Dorset House Premier Inn conversion: structural reuse notes for project teams
Reviewed by Tom Sullivan

First reported on The Construction Index
30 Second Briefing
Whitbread has secured planning permission to convert Dorset House, a 90,000 sq ft nine-storey office block on Stamford Street, Southwark SE1, into a 421-bedroom Premier Inn with a new street-level entrance and basement F&B space exposed via cut-out ground-floor concrete sections. Construction is scheduled to start in H2 2026, targeting opening in summer 2028, implying substantial internal reconfiguration within the existing floorplate rather than structural enlargement. Dorset House is one of four central London sites acquired in 2025, totalling nearly 1,000 rooms, 262,000 sq ft and over £100m of direct investment.
Technical Brief
- Cut-out sections through the existing ground-floor concrete slab will expose basement F&B space to street level.

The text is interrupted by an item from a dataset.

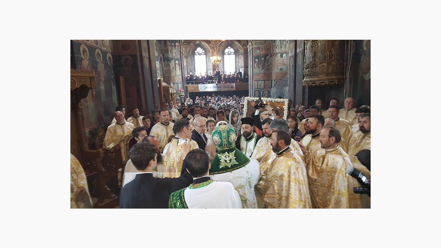 Credincioșii băcăuani au participat la Sfânta Liturghie oficiată de Înaltpreasfințitul Părinte Arhiepiscop Ioachim, alături de care s-au aflat părintele arhimandrit Pimen Costea, vicar administrativ al Arhiepiscopiei Romanului și Bacăului, părinții protopopi ai celor 6 protopopiate de pe cuprinsul eparhiei Romanului și Bacăului, reprezentanți ai autorităților locale și centrale și preoți profesori ai Liceului Teologic „Episcop Melchisedec” din Roman. Răspunsurile la strană au fost date de elevii seminariști ai liceului teologic ortodox romașcan, îndrumați de arhid. Vlad Samoilă.
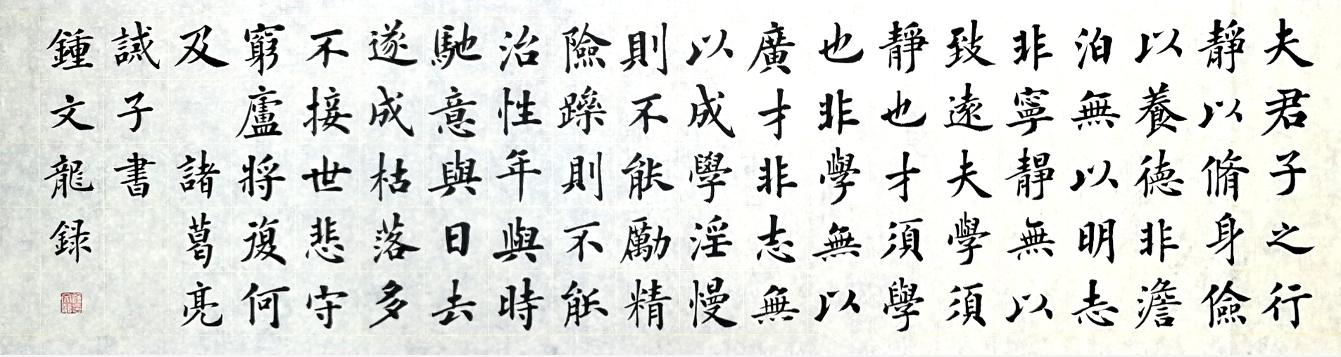 如何將家庭教育與書法有機結(jié)合?鐘文龍?zhí)剿鞒隽艘粭l用楷書書寫歷朝傳世家訓(xùn)名篇的道路,他在不斷書寫《顏氏家訓(xùn)》《家范》《誡子書》《朱子家訓(xùn)》等歷朝傳世家訓(xùn)名篇的過程中,逐漸感悟到通過楷書來書寫家訓(xùn),并在家中進行懸掛,可以起到潤物無聲潛移默化的激勵匡正等教育作用。

- Whitbread acquired Dorset House’s freehold in May 2025, enabling full control of structural and services alterations.
- Dorset House joins three other 2025 central London acquisitions: 35 Red Lion Square, Phoenix House and Victory House.
- The four 2025 sites together provide over 262,000 sq ft and nearly 1,000 rooms for Whitbread’s pipeline.
- Aggregate direct investment across the four central London schemes exceeds £100m, concentrating capex in brownfield conversions.
Our Take
Whitbread’s more than £100m of freehold acquisitions for Premier Inn since January 2025 signals a pivot towards balance-sheet-backed control of London assets, which typically gives hotel operators more flexibility for deep refurbishments and structural reconfiguration than leasehold conversions.
In our Infrastructure coverage, central London office-to-hotel conversions like Dorset House, Phoenix House, Victory House and 35 Red Lion Square are emerging as a recurring theme, suggesting that secondary office stock is increasingly being treated as a redevelopment pipeline rather than a long-term workspace asset class.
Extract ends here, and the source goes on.